WASHINGTON – Capital One Financial Corporation of the United States said on Monday that a hacker accessed the details of nearly 100 million credit card applicants and customers in the US and 6 million in Canada.
The statement by Capital One said the “FBI had arrested the person responsible.”
In a separate statement, the US Department of Justice said the FBI arrested the alleged hacker, a former tech company software engineer identified as Paige A Thompson, in Seattle.
A copy of the data was found at her residence.
Thompson was arrested on charges of computer fraud and abuse for an intrusion on the stored Capital One data, which is punishable by up to five years in prison and $250,000 fine, and is set to appear for a bail hearing on Aug. 1.
“While I am grateful that the perpetrator has been caught, I am deeply sorry for what has happened. I sincerely apologize for the understandable worry this incident must be causing those affected and I am committed to making it right,” said Chairman and CEO of Capital One, Richard D. Fairbank.

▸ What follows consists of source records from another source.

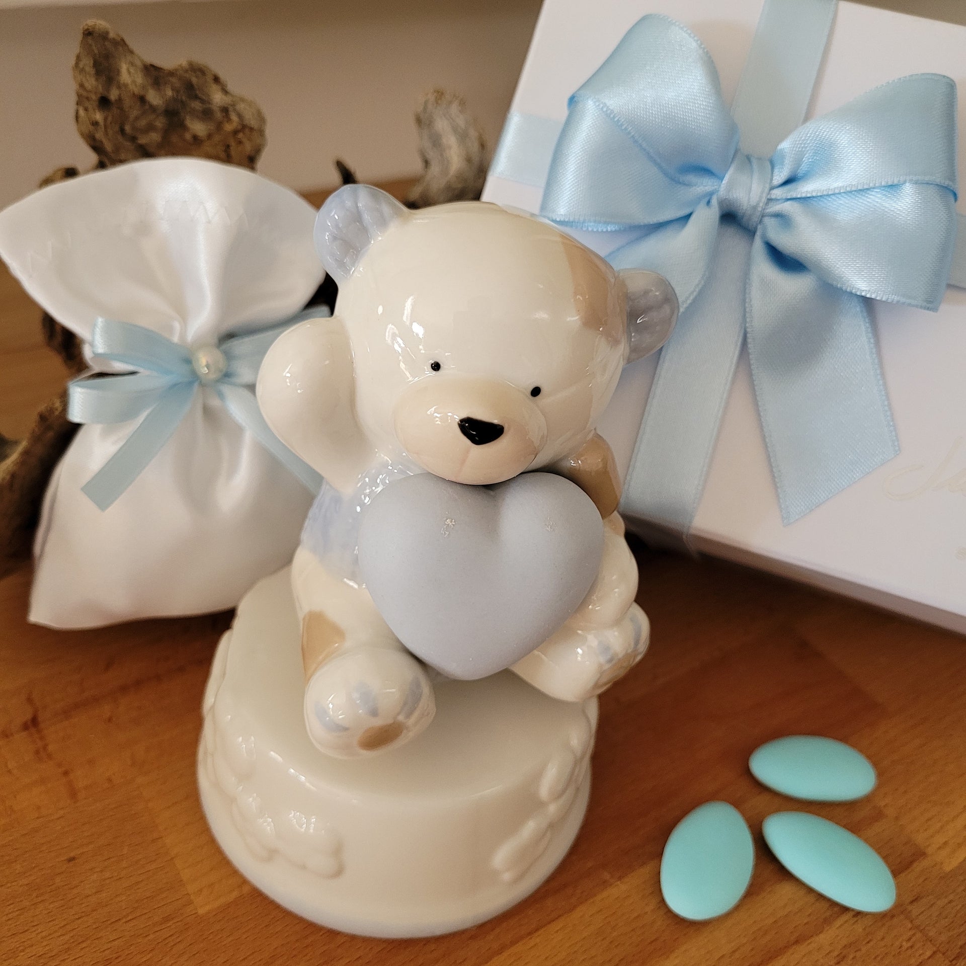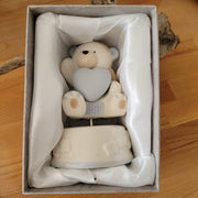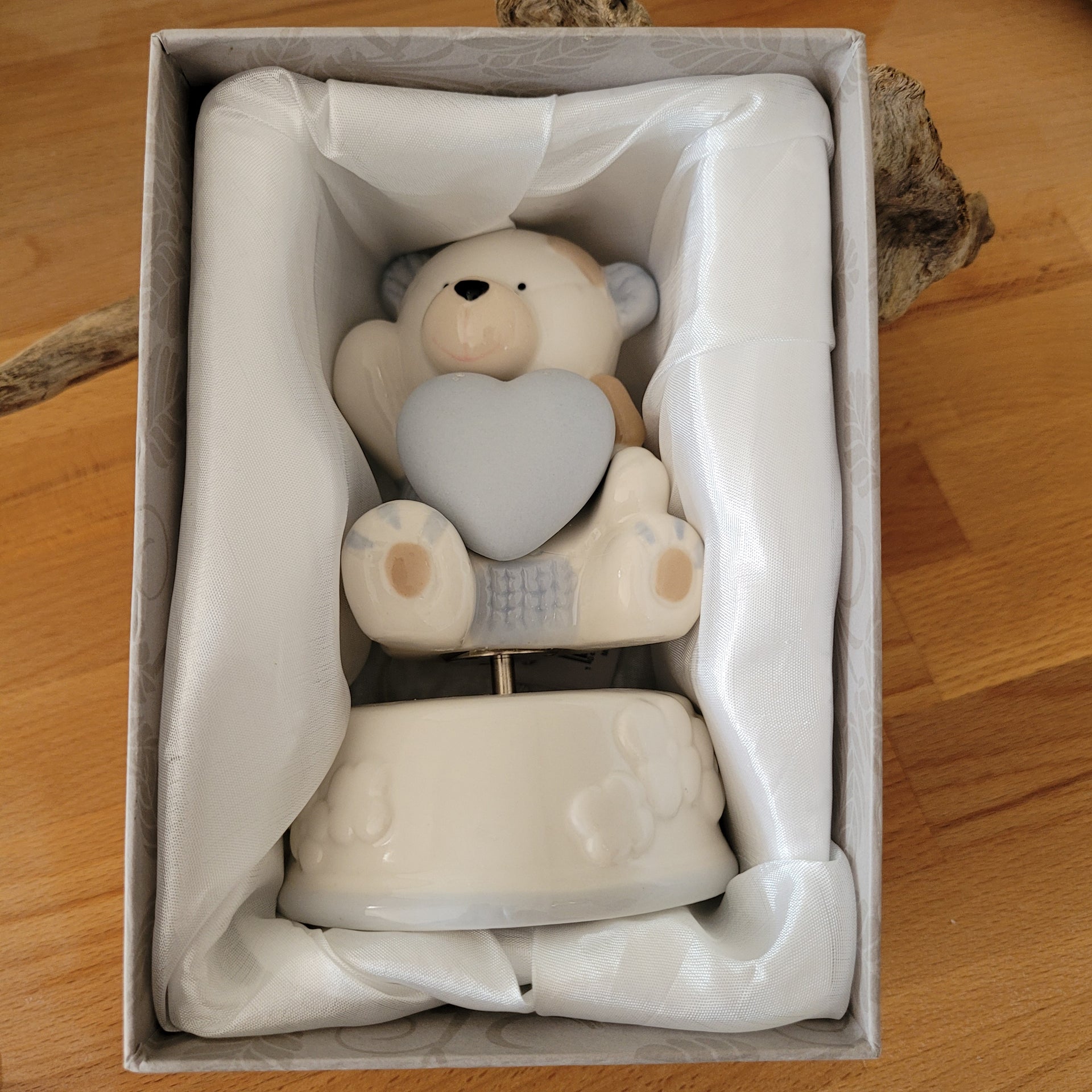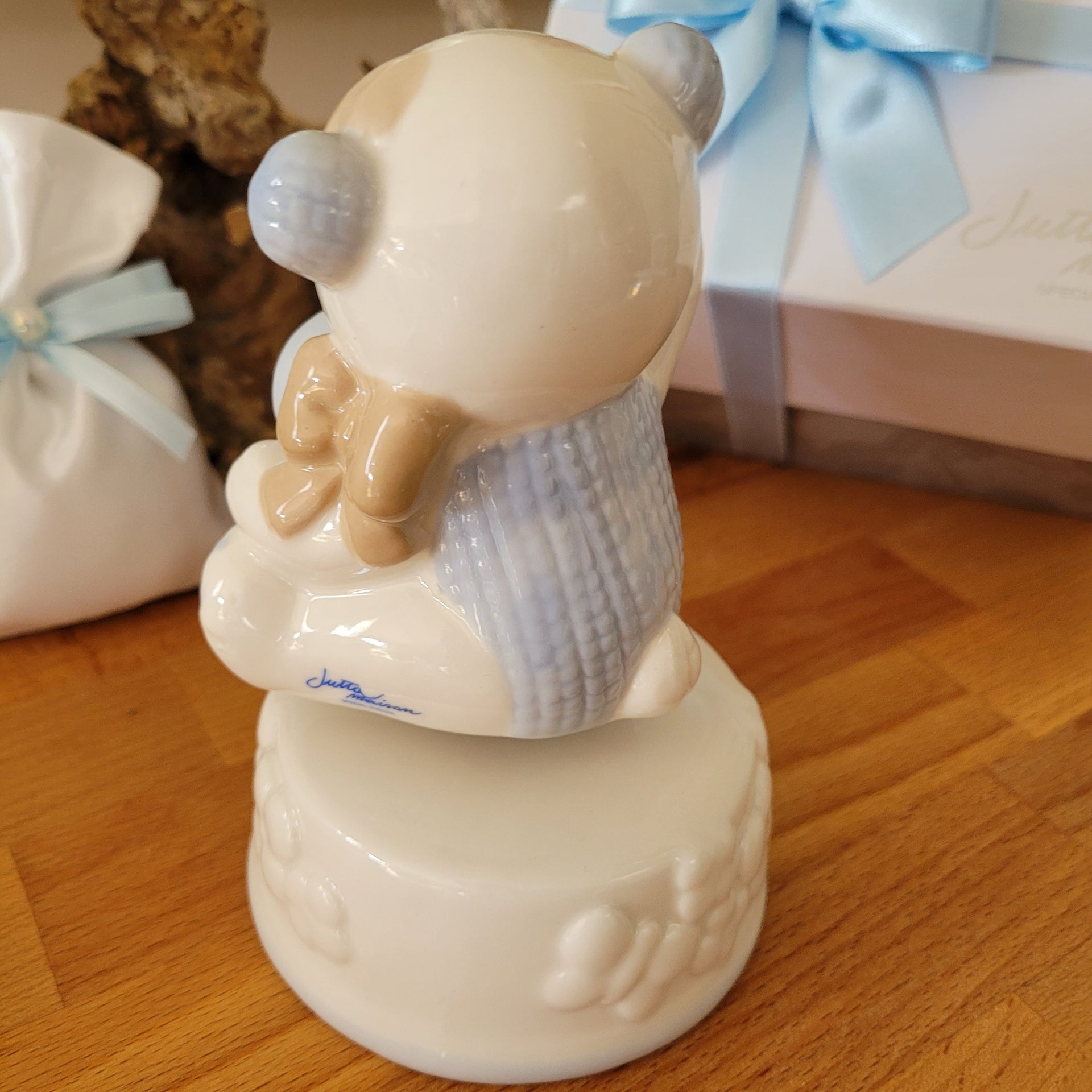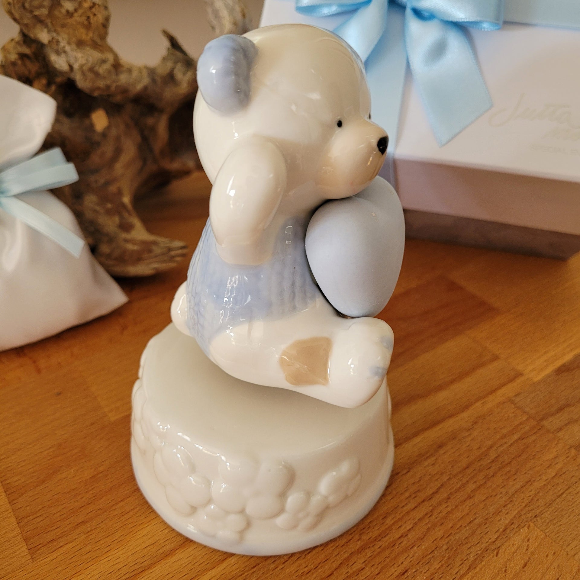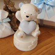 Carillon Orsetto con cuore, in finissima porcellana nei toni del bianco panna e azzurra.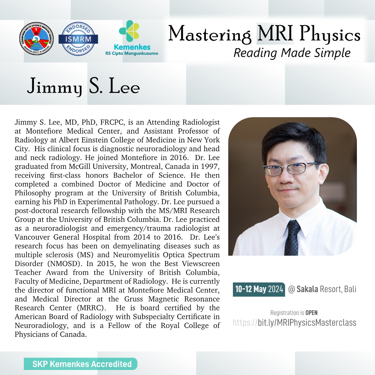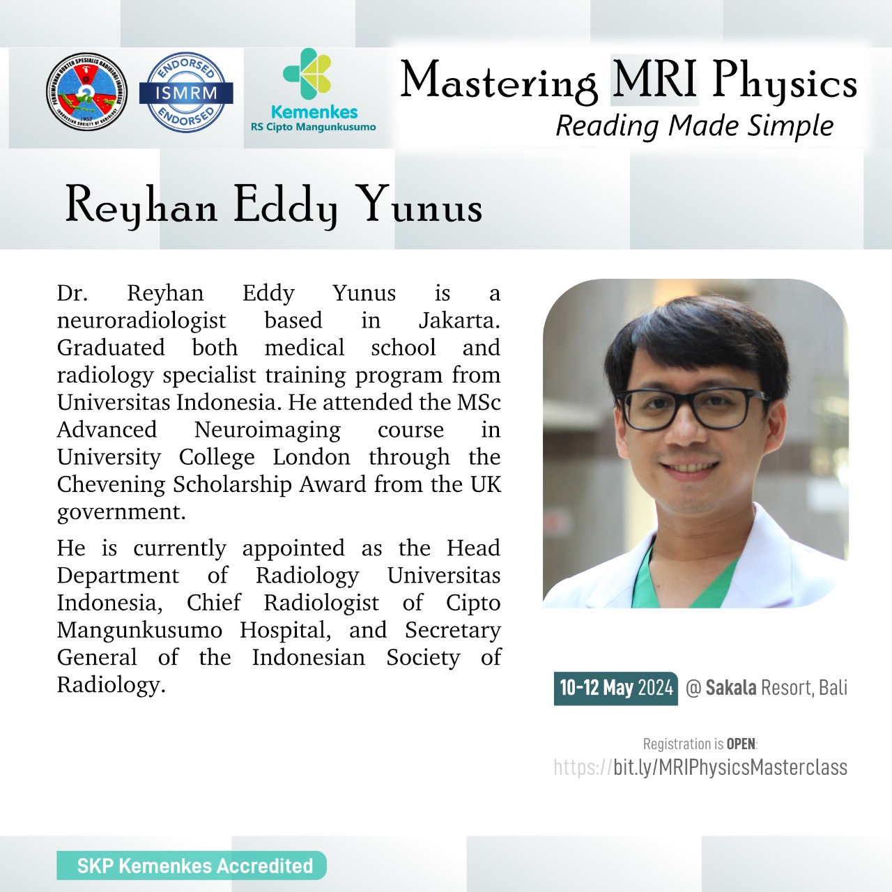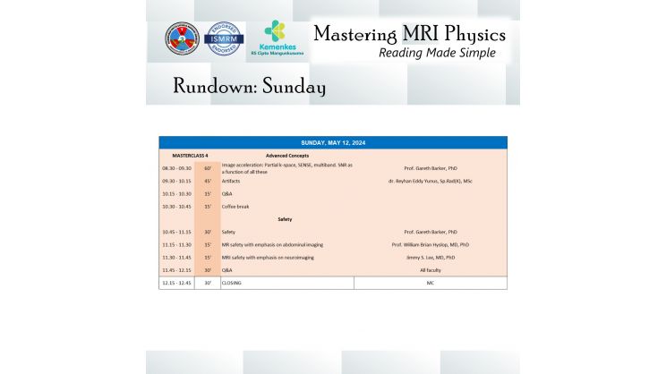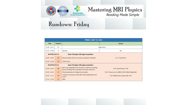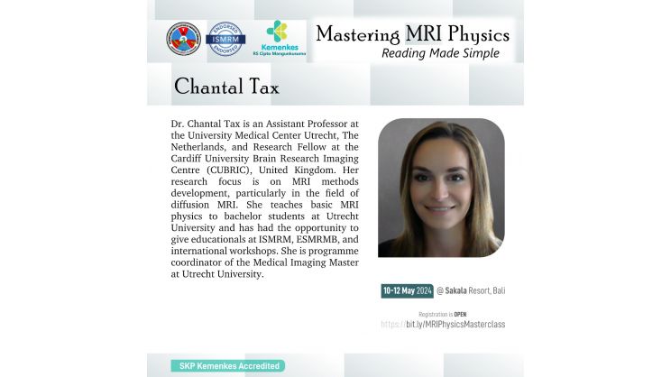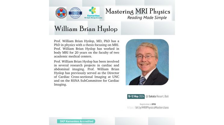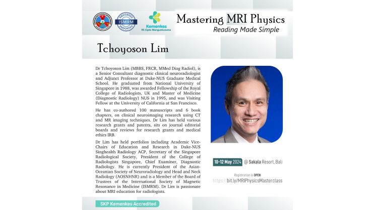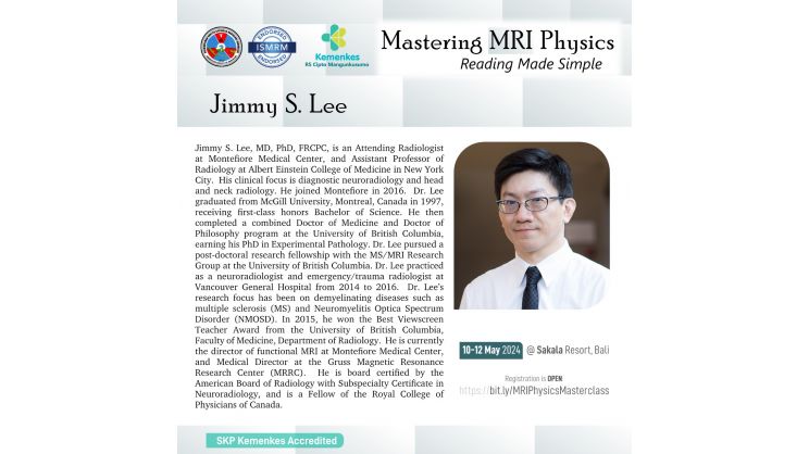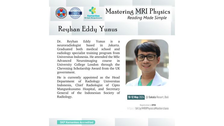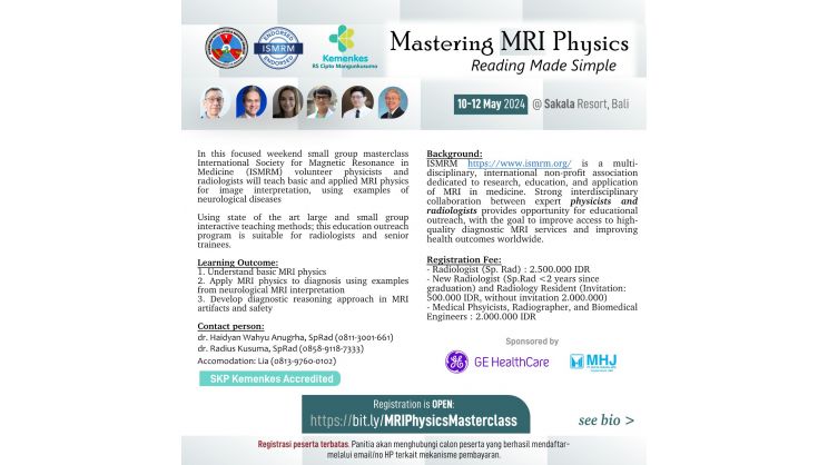 Perhimpunan Dokter Spesialis Radiologi Indonesia (PDSRI) bersama International Society for Magnetic Resonance in Medicine (ISMRM) akan menghadirkan dokter spesialis radiologi dan fisikawan medis untuk pelatihan fisika MRI secara interaktif dan aplikasinya secara klinis pada kasus-kasus dengan MRI.
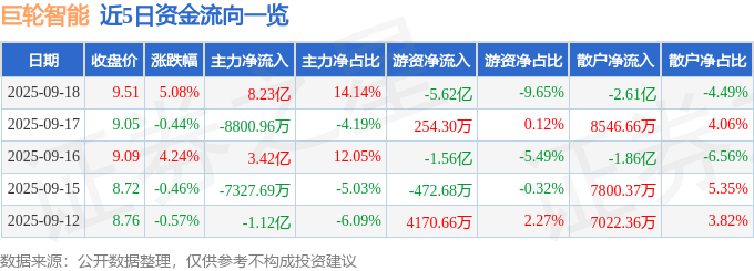 证券之星消息,截至2025年9月18日收盘,巨轮智能(002031)报收于9.51元,上涨5.08%,换手率31.12%,成交量603.29万手,成交额58.22亿元。
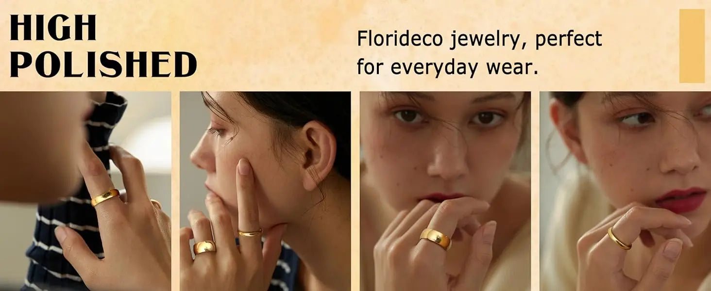 14K Gold Plated Ring for Women Men Thick Thin Pinky Thumb Ring Wedding Band Ring Non Tarnish Plain Domed Comfort Fit Size 6 -10
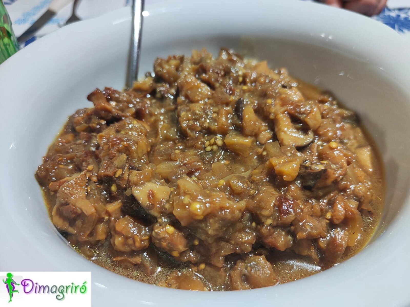 Pulire e tagliare a pezzi piccoli (circa 2 cm) cipolle e melanzane viola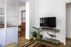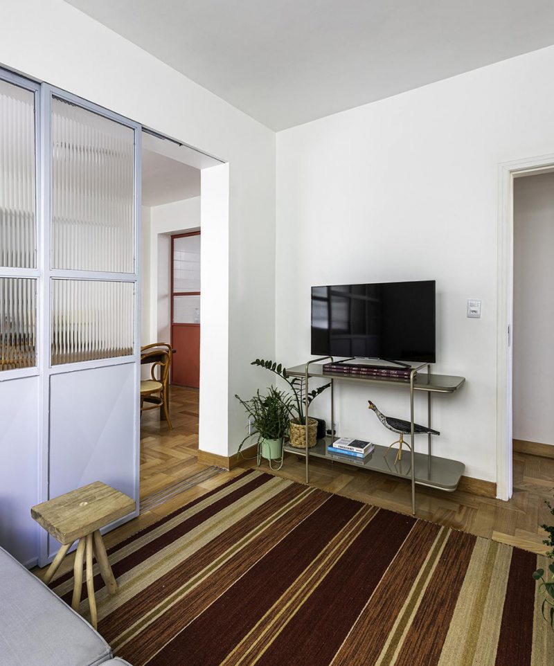 Um dos quartos foi transformado em sala de TV, ampliando a área social e oferecendo versatilidade ao uso do apartamento. Através de uma terceira porta de serralheria com vidro canelado, o espaço pode se converter em quarto de hóspedes com facilidade: um recurso que revela a preocupação com a multifuncionalidade, sem perder o caráter visual coeso do conjunto.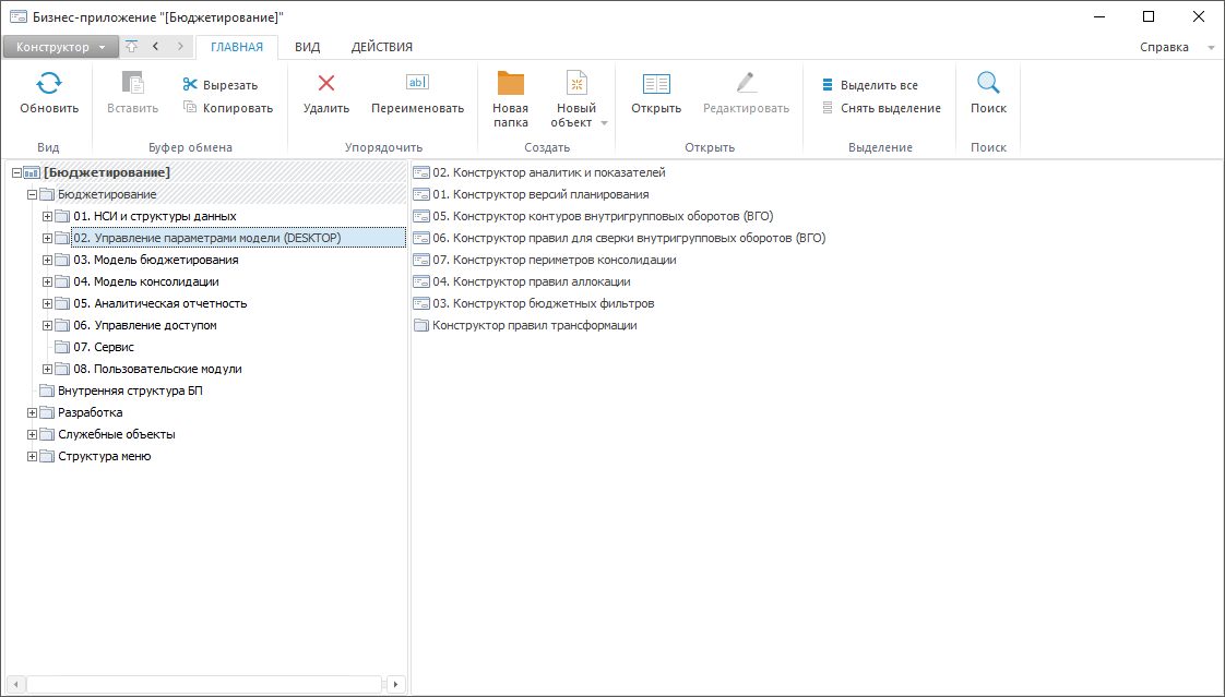 Навигатор объектов конструктора предоставляет функциональность для работы с объектами преднастроенной конфигурации программного продукта, а также возможности по созданию новых объектов, используемых в процессах бюджетирования.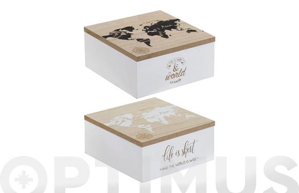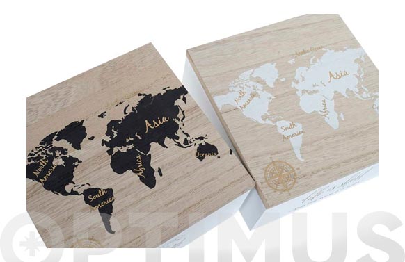 CAJA MADERA MULTIUSOS – 15 X 15 X 7 CM MAPA MUNDI SURTIDO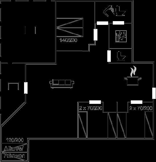 Die Schlafplätze verteilen sich auf 3 Schlafräume. 2 Schlafplätze in einem Doppelbett. 4 Schlafplätze in Einzelbetten.2 Schlafplätze im Alkoven. 2 von diesen Schlafplätzen befinden sich im Wohnzimmer. Ferner steht ein Kinderbett zur Verfügung.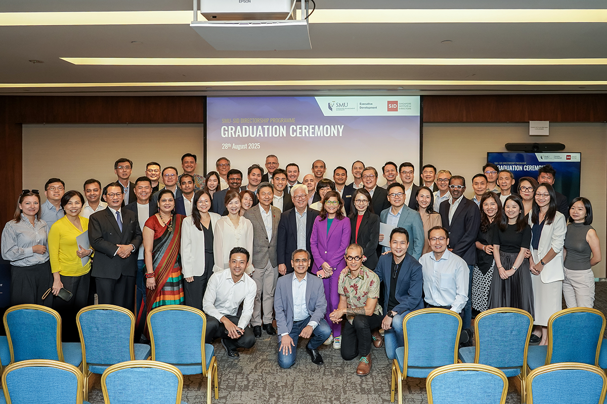 For professionals, board members or leaders seeking to deepen their understanding and capabilities in championing good governance, speak with Senior Manager for Short Courses, Desmond Ng at desmondngjj@smu.edu.sg or +65 6808 5393 to learn more about the SMU-SID Directorship Programme.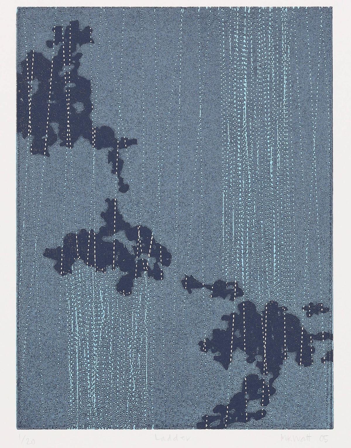 Watt is best known for her sculptures made from used blankets and tin jingles. In this print, Watt combines her material interest in textile with her background in printmaking, using a sewing roulette wheel to puncture the woodblock from which these prints were made.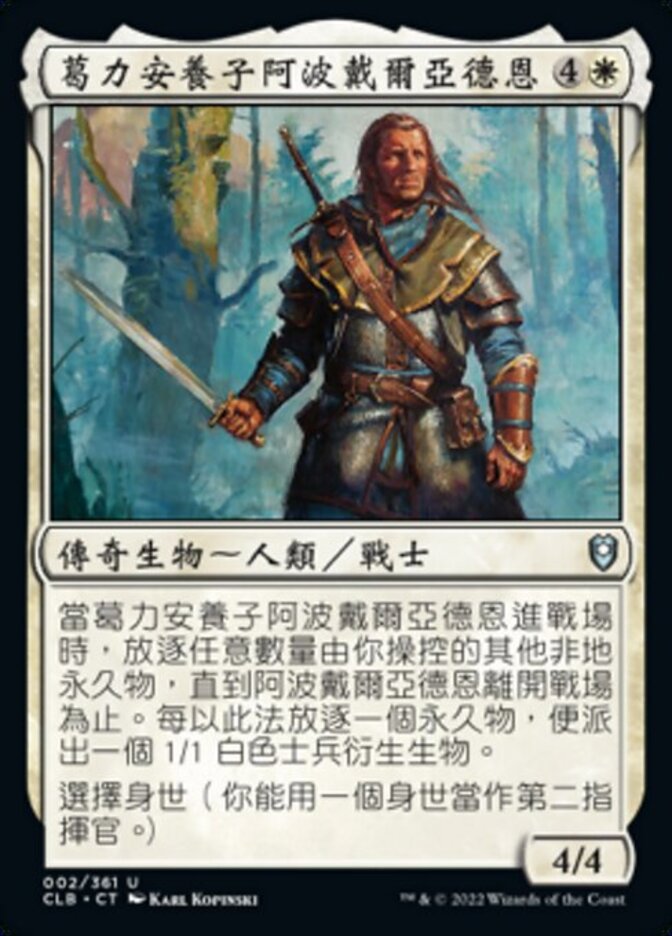 | Rules | When Abdel Adrian, Gorion's Ward enters the battlefield, exile any number of other nonland permanents you control until Abdel Adrian leaves the battlefield. Create a 1/1 white Soldier creature token for each permanent exiled this way. Choose a Background (You can have a Background as a second commander.) |

Consumers and small businesses who had applied for credit card products between 2005 and 2019 were affected, according to the bank.
In the majority of the cases, personal information including names, addresses, phone numbers, dates of birth, income and credit history was compromised.
Thompson was able to access social security numbers of 140,000 people in the US and 1 million in Canada as well as linked bank account numbers of 80,000 customers, Capital One said.
According to legal documents, Thompson had posted about her theft on information sharing site GitHub.
A GitHub user saw the post then alerted Capital One on July 17 to the possibility that it had suffered data theft. Capital One contacted the FBI two days later.
Capital One is ranked 10th on the list of largest banks in the country with some $373.6 billion in assets.